▼

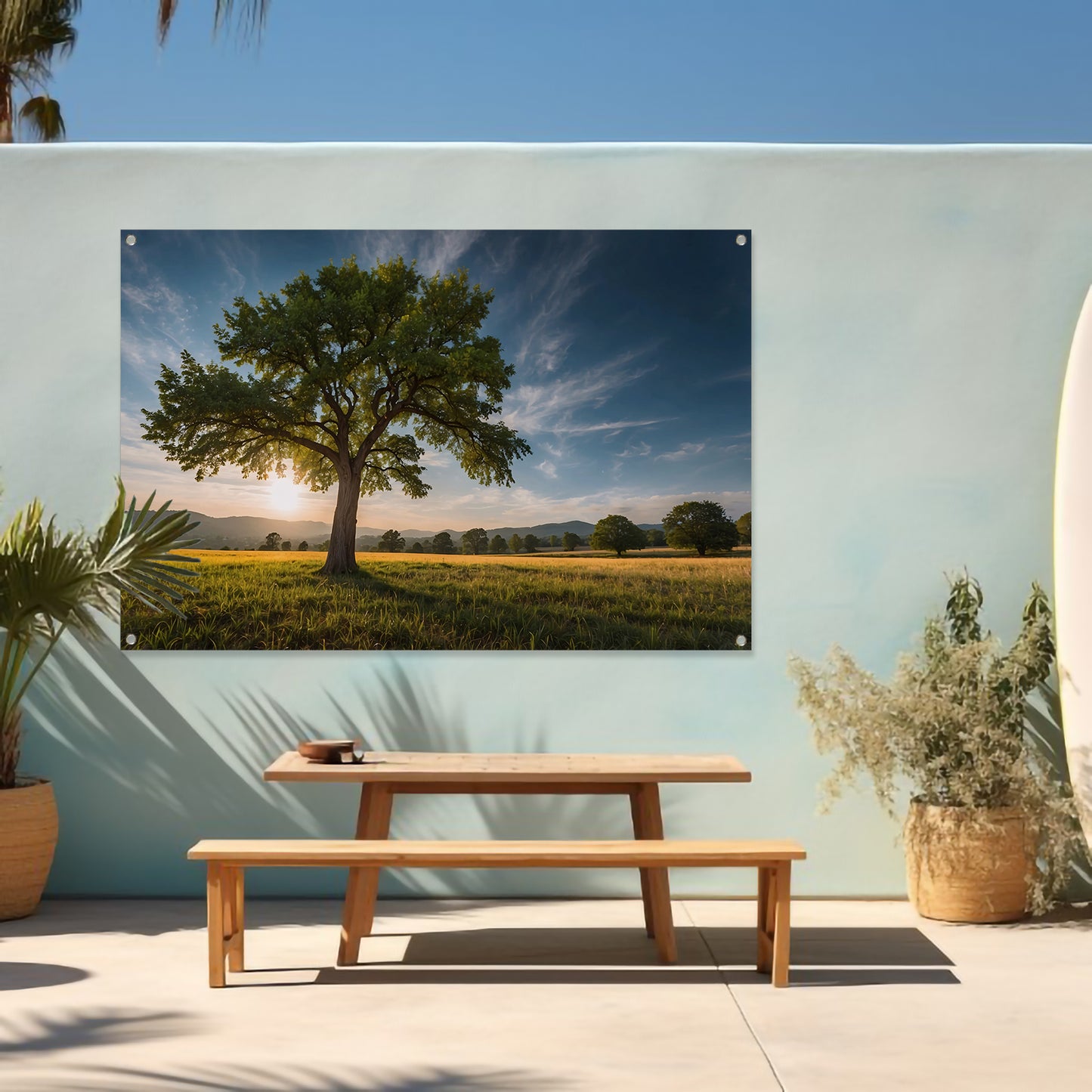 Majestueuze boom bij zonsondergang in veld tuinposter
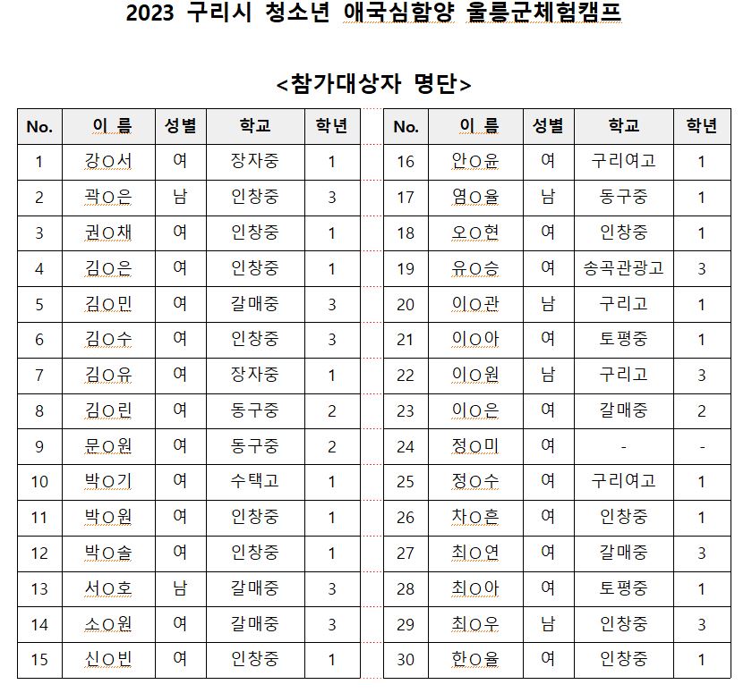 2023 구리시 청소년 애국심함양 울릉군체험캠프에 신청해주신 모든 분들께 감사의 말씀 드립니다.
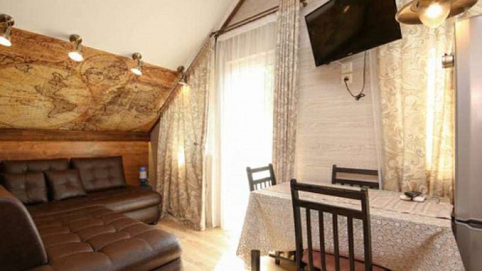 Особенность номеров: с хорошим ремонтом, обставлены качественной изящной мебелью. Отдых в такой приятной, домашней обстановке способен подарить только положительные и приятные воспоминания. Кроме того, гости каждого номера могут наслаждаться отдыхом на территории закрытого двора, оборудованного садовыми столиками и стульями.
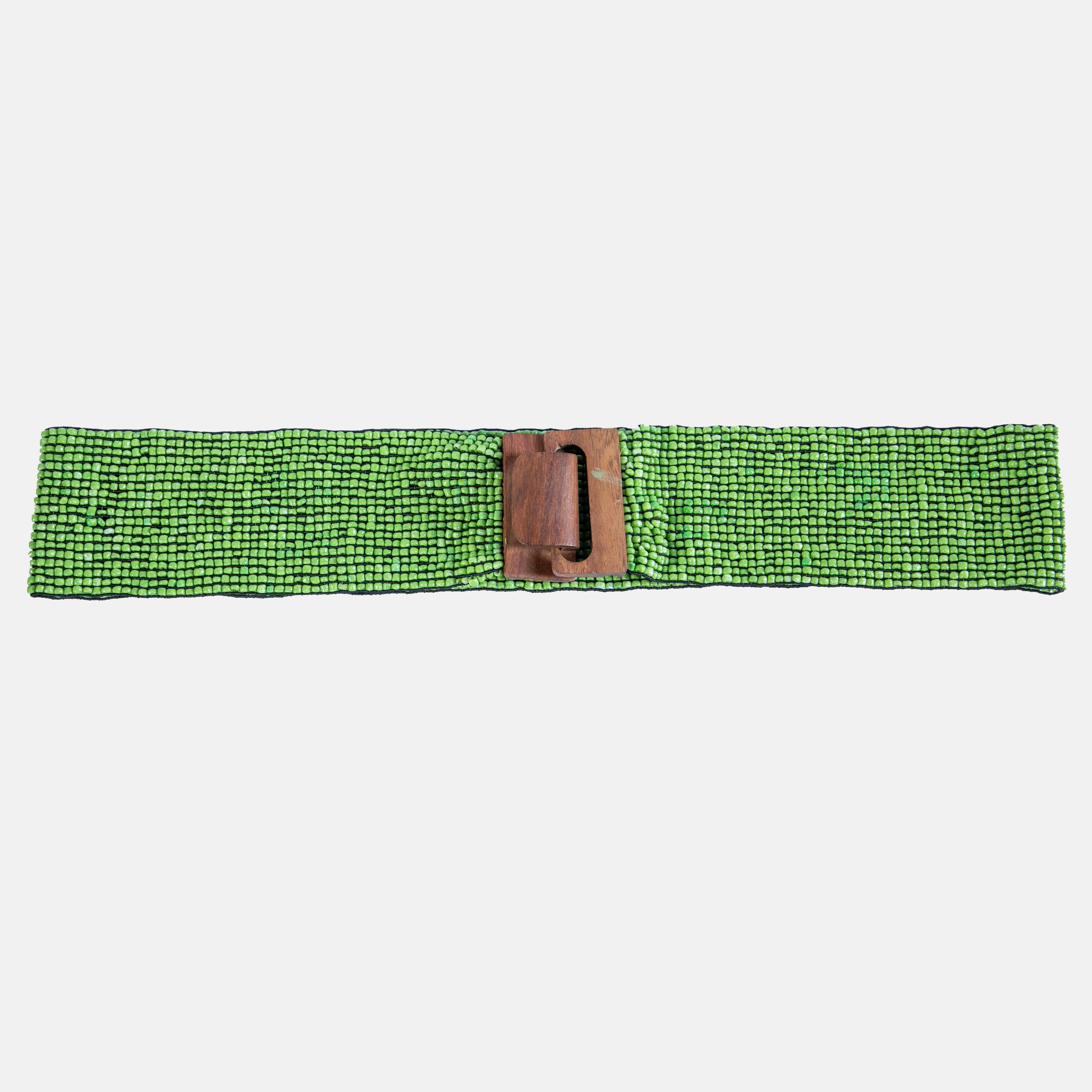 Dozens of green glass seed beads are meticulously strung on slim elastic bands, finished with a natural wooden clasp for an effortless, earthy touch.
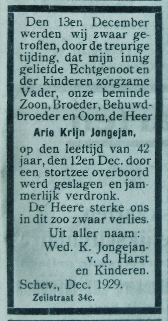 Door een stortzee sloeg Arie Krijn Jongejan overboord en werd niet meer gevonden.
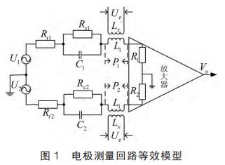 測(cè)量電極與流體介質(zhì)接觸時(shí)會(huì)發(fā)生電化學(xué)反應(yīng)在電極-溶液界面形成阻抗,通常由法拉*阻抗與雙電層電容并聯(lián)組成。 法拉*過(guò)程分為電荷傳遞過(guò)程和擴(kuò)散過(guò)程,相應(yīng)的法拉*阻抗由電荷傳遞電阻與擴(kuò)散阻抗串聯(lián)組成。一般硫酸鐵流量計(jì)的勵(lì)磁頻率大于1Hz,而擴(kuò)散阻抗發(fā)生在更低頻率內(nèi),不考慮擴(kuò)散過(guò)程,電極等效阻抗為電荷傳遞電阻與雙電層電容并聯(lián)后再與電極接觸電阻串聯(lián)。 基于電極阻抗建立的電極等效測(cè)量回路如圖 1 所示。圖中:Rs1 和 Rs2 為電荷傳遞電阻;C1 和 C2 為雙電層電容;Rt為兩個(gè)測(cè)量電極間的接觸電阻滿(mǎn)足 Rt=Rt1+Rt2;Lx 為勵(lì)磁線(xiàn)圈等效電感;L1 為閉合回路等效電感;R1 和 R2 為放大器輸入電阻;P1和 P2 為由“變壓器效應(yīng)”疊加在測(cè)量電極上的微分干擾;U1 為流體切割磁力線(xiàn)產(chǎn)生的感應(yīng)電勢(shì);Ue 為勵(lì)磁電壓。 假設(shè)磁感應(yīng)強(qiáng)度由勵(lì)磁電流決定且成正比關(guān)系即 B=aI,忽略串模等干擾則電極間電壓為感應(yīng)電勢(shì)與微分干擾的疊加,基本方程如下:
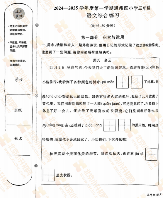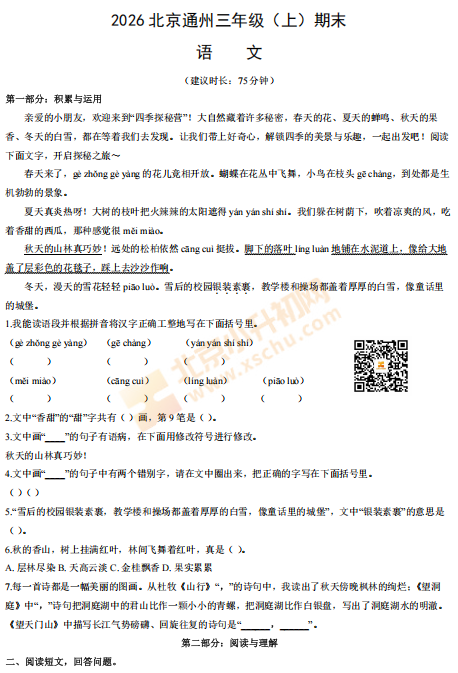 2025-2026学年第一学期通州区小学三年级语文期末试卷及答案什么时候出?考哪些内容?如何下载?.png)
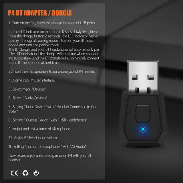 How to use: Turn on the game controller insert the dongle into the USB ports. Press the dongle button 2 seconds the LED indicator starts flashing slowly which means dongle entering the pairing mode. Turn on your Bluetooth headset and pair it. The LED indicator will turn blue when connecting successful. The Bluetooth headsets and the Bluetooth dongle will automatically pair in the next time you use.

▲

| Work instruction |
Word for word, copy the lines from the one with "2025-2026学年第一学" through the end of the entries above, and do not include any picture.

| Response below |
 2025-2026学年第一学期通州区小学三年级语文期末试卷及答案什么时候出?考哪些内容?如何下载?.png)
 How to use: Turn on the game controller insert the dongle into the USB ports. Press the dongle button 2 seconds the LED indicator starts flashing slowly which means dongle entering the pairing mode. Turn on your Bluetooth headset and pair it. The LED indicator will turn blue when connecting successful. The Bluetooth headsets and the Bluetooth dongle will automatically pair in the next time you use.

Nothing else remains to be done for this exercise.